The real estate mogul has kept the core of his populist message clear: He says he'll get rid of "incompetent" politicians, halt illegal immigration by building a wall on the U.S.-Mexico border and stop "losing" to other countries.

But he's also softened some of his most unusual statements, if only around the edges.

After tangling with Pope Francis over immigration last week, he quickly decided to call a truce.

After charging that President George W. Bush lied to take the country to war with Iraq in 2003, Trump muddied his attack. "He could have lied. Maybe he did, maybe he didn't. You'd have to ask him," he said.

After surprising conservative voters by defending Planned Parenthood, he promised that he would block federal funding for the group if it continued to offer abortions.

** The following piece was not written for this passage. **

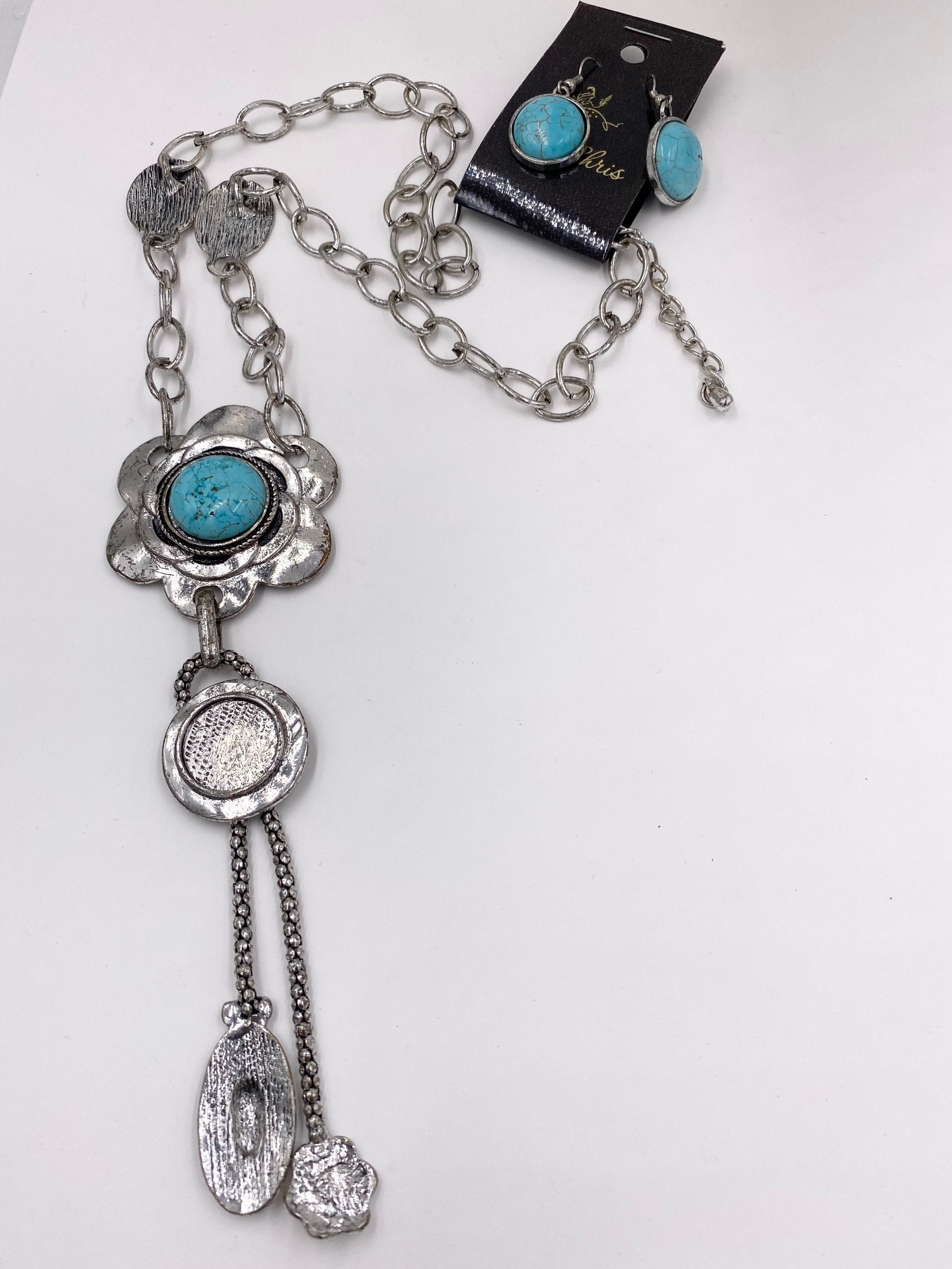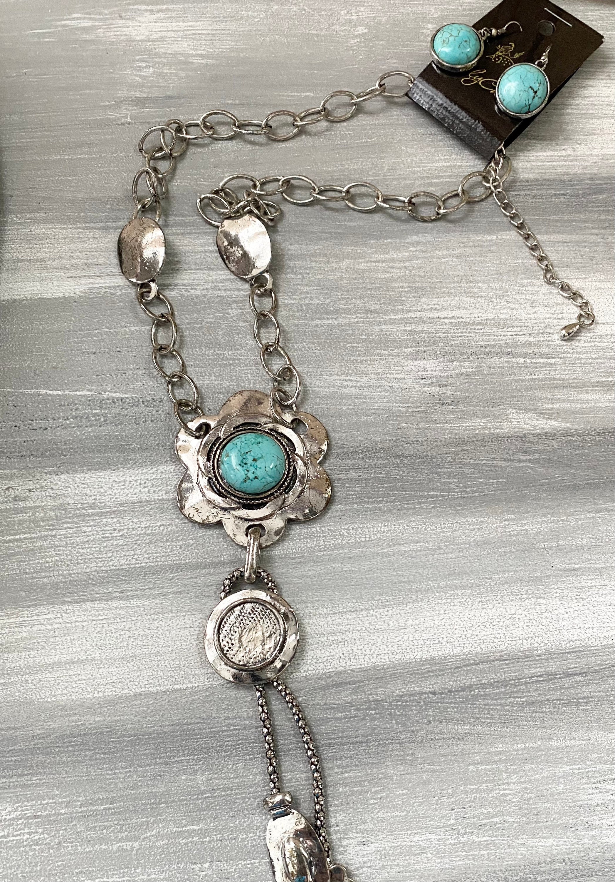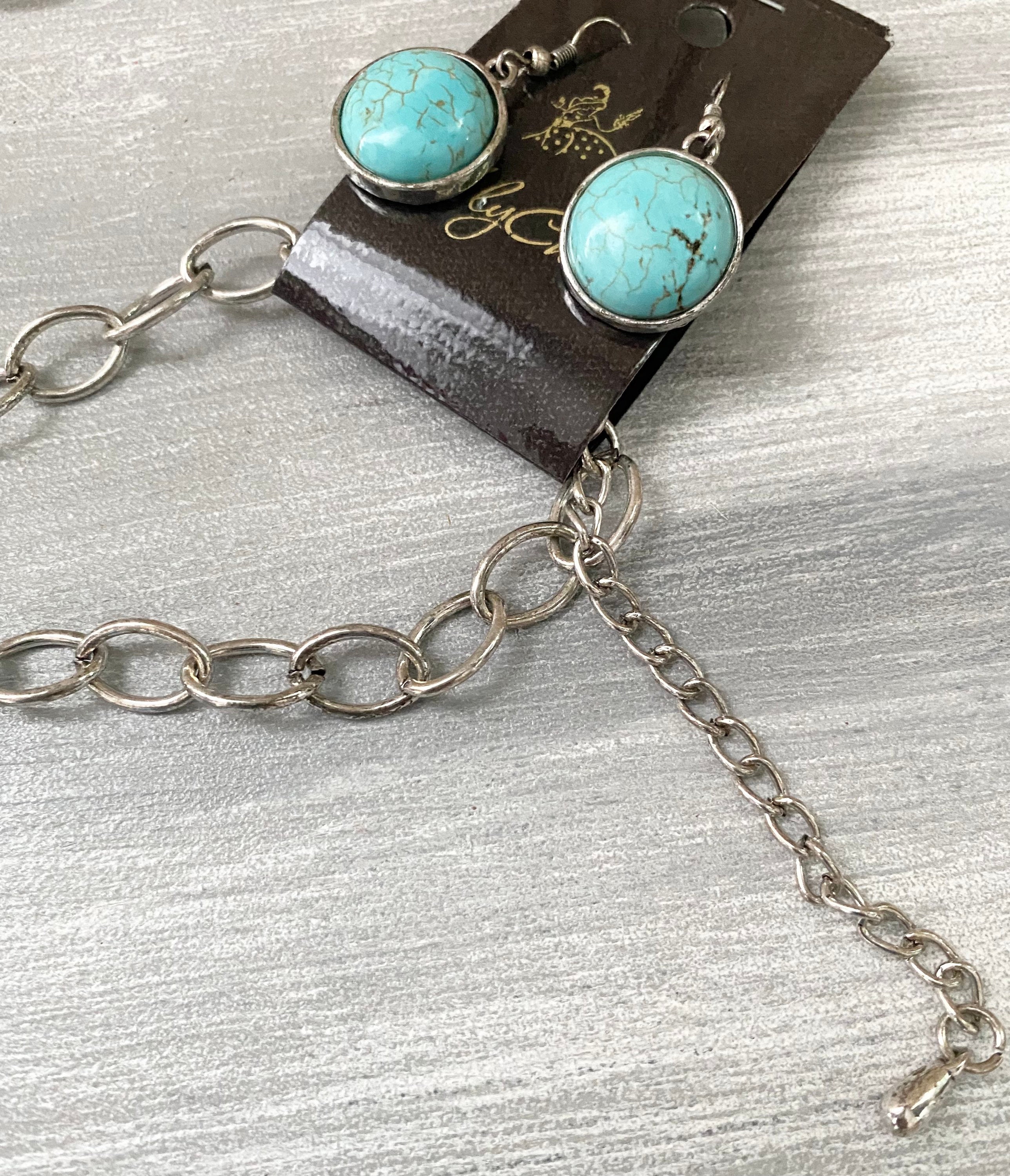 Turquenite Stone Pendant Necklace with matching earrings
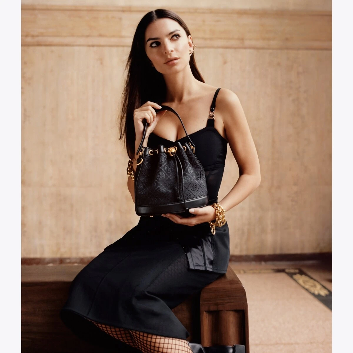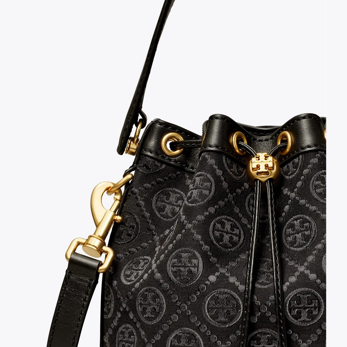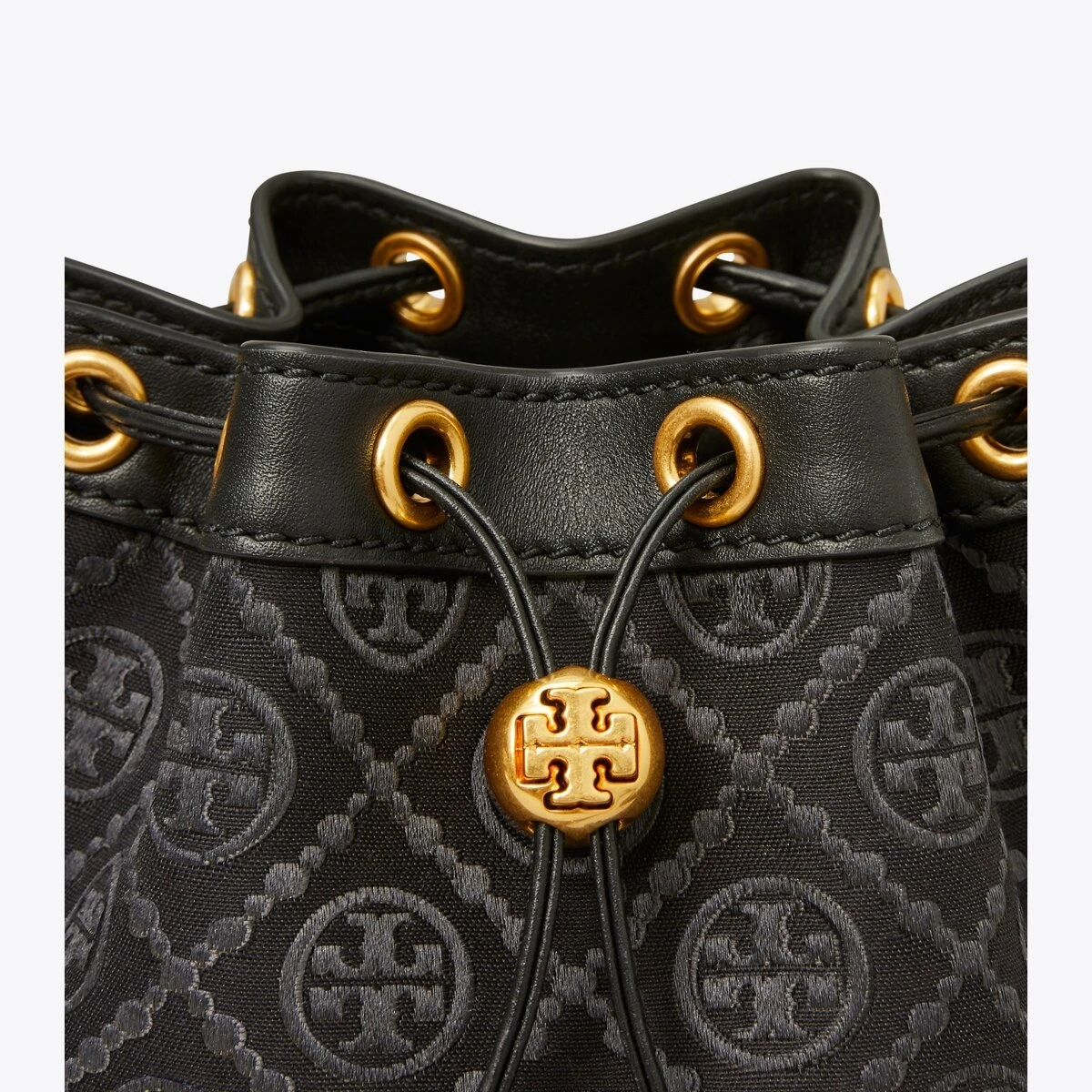 The bucket bag is trimmed in fine leather. When worn crossbody, the top handle falls naturally. Our metal logo cord stopper works as a keeper for the drawstrings — press and hold down the Double T while guiding the drawstrings through, and release to lock. Lined in soft microsuede, the interior has a pocket for organization, while an exterior sleeve puts small items within reach. Every detail is considered, with special attention to function and versatility.

And Trump has even shown unexpected charity toward the news media. "We love the press," he said at a rally last week. "We're hard on the press; I've called them so many different names."

Notice the pattern? Trump grabs media attention by saying something outrageous--and then takes a step back, as if to say: I didn't mean it literally. That "free media" strategy has enabled Trump to dominate the debate.

Finally, while the hallmark of Trump's campaign has been giant rallies, he's used the names collected at those events for old-fashioned telephone drives to get out the vote on election days.

Trump's campaign isn't all that chaotic. It's a well-designed amalgam of old and new that makes good use of the candidate's reality-TV strengths.

He's still divisive, uncivil and mendacious. He's still the most unconventional candidate we've seen in a long time. But part of his crazy genius is that he's not as unconventional as he pretends.